Kil-Sup Um, Seok-Hee Ryu, Yong-Seog Choi, Goon-Cherl Park
Nuclear Technology | Volume 125 | Number 3 | March 1999 | Pages 305-315
Technical Paper | Thermal Hydraulics | doi.org/10.13182/NT99-A2949
Articles are hosted by Taylor and Francis Online.
Asymmetric thermal-hydraulic conditions between loops in nuclear power plants (NPPs) may produce a nonuniform temperature distribution at the core inlet if the coolant is not mixed perfectly in the lower plenum. These uneven core inlet conditions, which may be formed remarkably during a postulated steam-line-break (SLB) accident, induce a distortion in the core power distribution, which can affect the thermal margin. Thus, to estimate the thermal margin under abnormal inlet conditions, it is necessary to predict correctly thermal mixing phenomena in the lower plenum. For this purpose, reactor internals scaled down with a flow-to-area ratio are added in the lower plenum of the loop test facility, manufactured with a scaling factor of 1/710 by volume and based on a Westinghouse-type two-loop NPP in Korea. The mixing tests in the lower plenum are performed under various loop temperature imbalances at low pressures. It is found that complete mixing hardly occurs in the lower plenum at any test condition.

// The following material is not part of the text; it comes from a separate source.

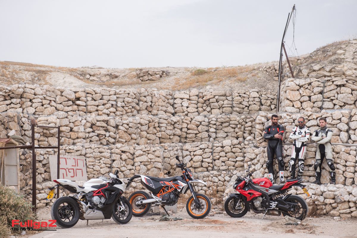 אני קצת מקנא בו, למרות שאין לי ממש סיבה. הבימר לא מתרגש וצמוד לו לזנב, ובמקומות שנפתחת ישורת גם עולה לווילי בהילוכים שלישי ורביעי, וזו בעיניי בדיוק תמצית הסופר-נייקד. דווקא בקטע הכביש הזה, שהוא המהיר והשוטף ביותר שיהיה לנו היום, הקטע שהכי תפור על אופנוע סופרספורט, אני לא מוצא מספיק הבדלים שבגללם יהיה שווה בעיניי להגיע לפה על אופנוע ספורט, וזה לא משנה אם זה ה-F3, R6 או ZX10R. אני מניח שאם היינו יורדים לסדום ערד כדי לתפור אותו מעלה ומטה כל היום אולי הייתי מדבר אחרת, אבל אנחנו לא בסדום ערד והקטע של הסוויפרים אוטוטו מתחלף בדובדבן שלשמו יצאנו לדרך.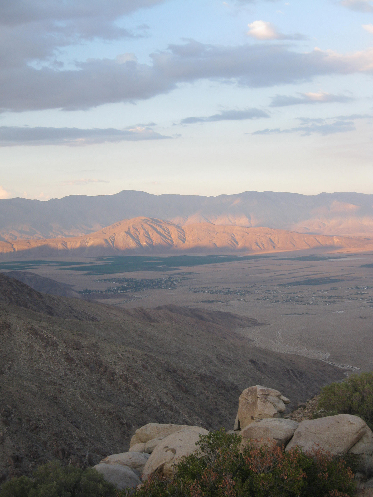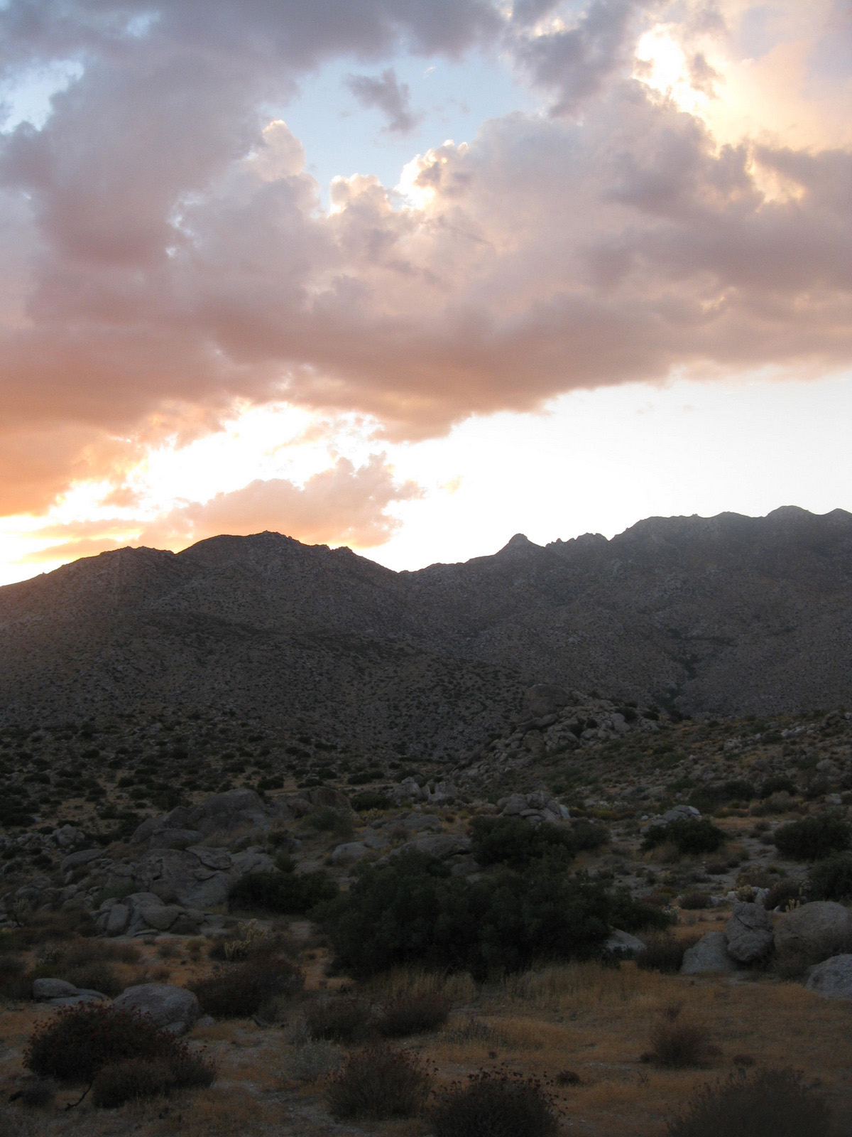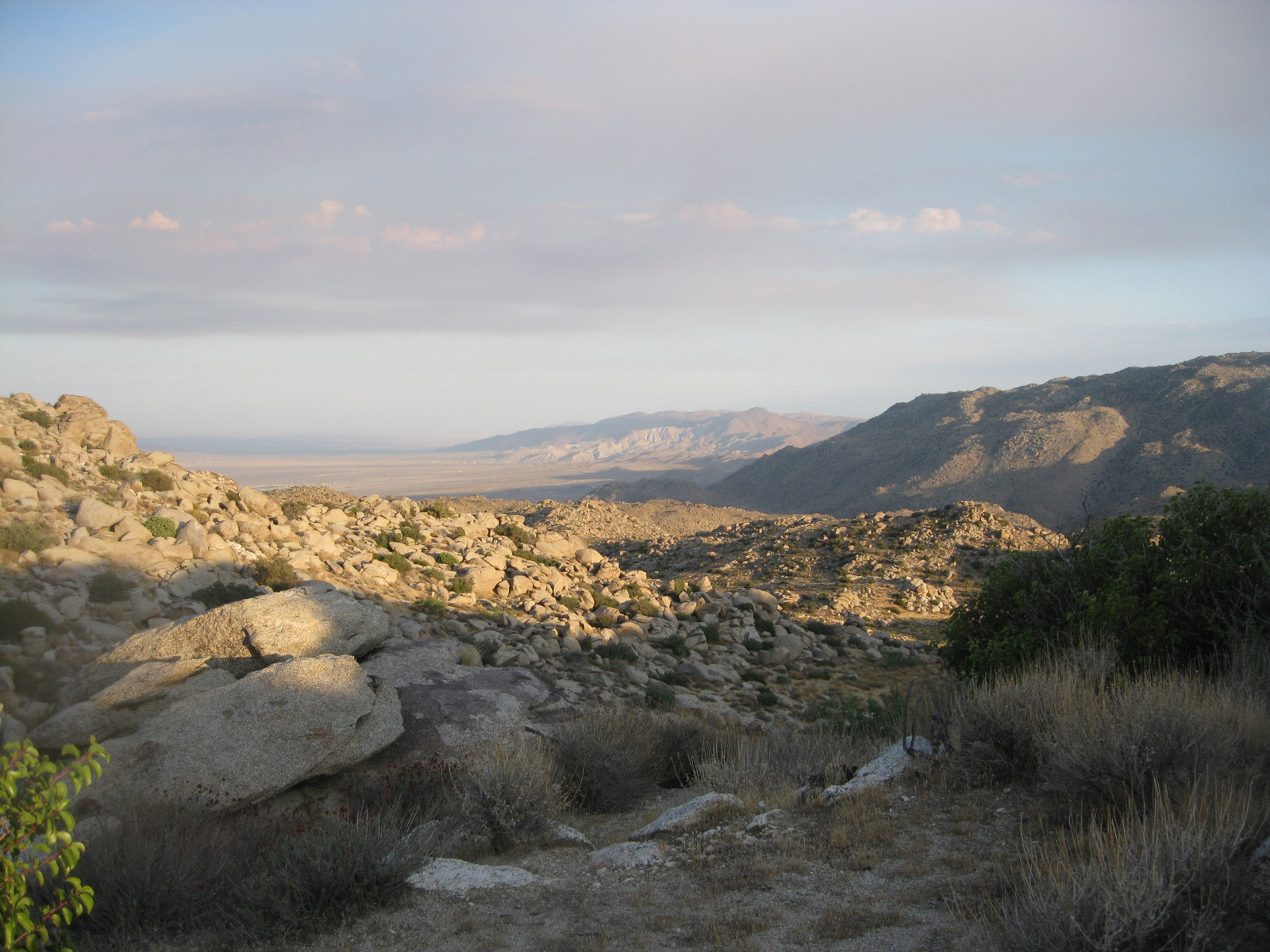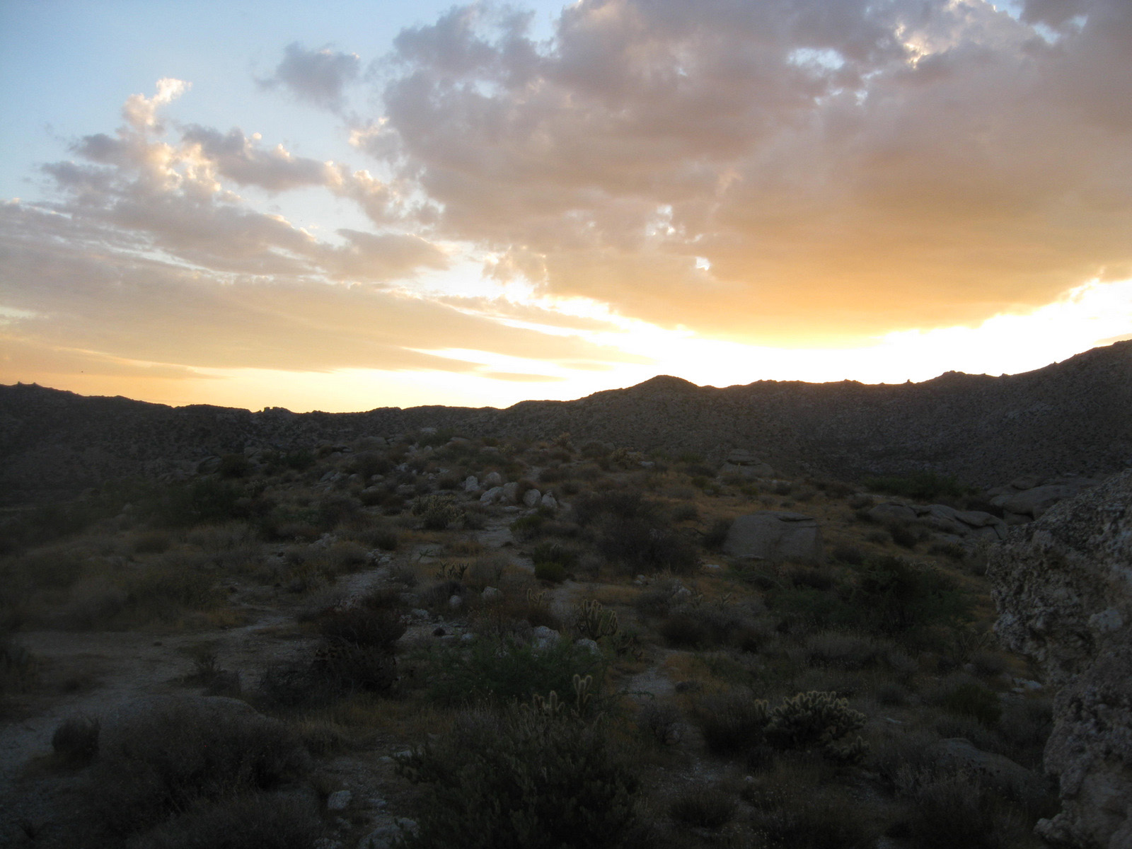 I was itching to get my first sight of Anza Borrego this season, so I rode my motorcycle loaded with camping gear out to the edge of the park, just before the highway drops down into the desert proper. I peeled up a dirt road and hiked up to a viewpoint looking down into the valley, and met an interesting guy (never thought I’d see someone here) on a low-budget 3 week road trip through 4 states. After hiking back down, we put down a few beers together before turning in. Good times, good for the soul.

Also, the tests are simulated by the COMMIX-1B multidimensional thermal-hydraulic code. A comparison of the simulation results with the test results shows a good agreement, and thus it is concluded that COMMIX-1B can be applied to determine the mixing patterns under the asymmetric loop conditions of a real NPP. As for applications, the temperature distributions at the core inlet under asymmetric conditions induced by the postulated SLB accident in Kori Unit 1 are determined by COMMIX-1B, and thermal margins for the SLB accident are estimated. Analyses show that the thermal margins can be improved by using more realistic core inlet temperature patterns instead of NPP design patterns.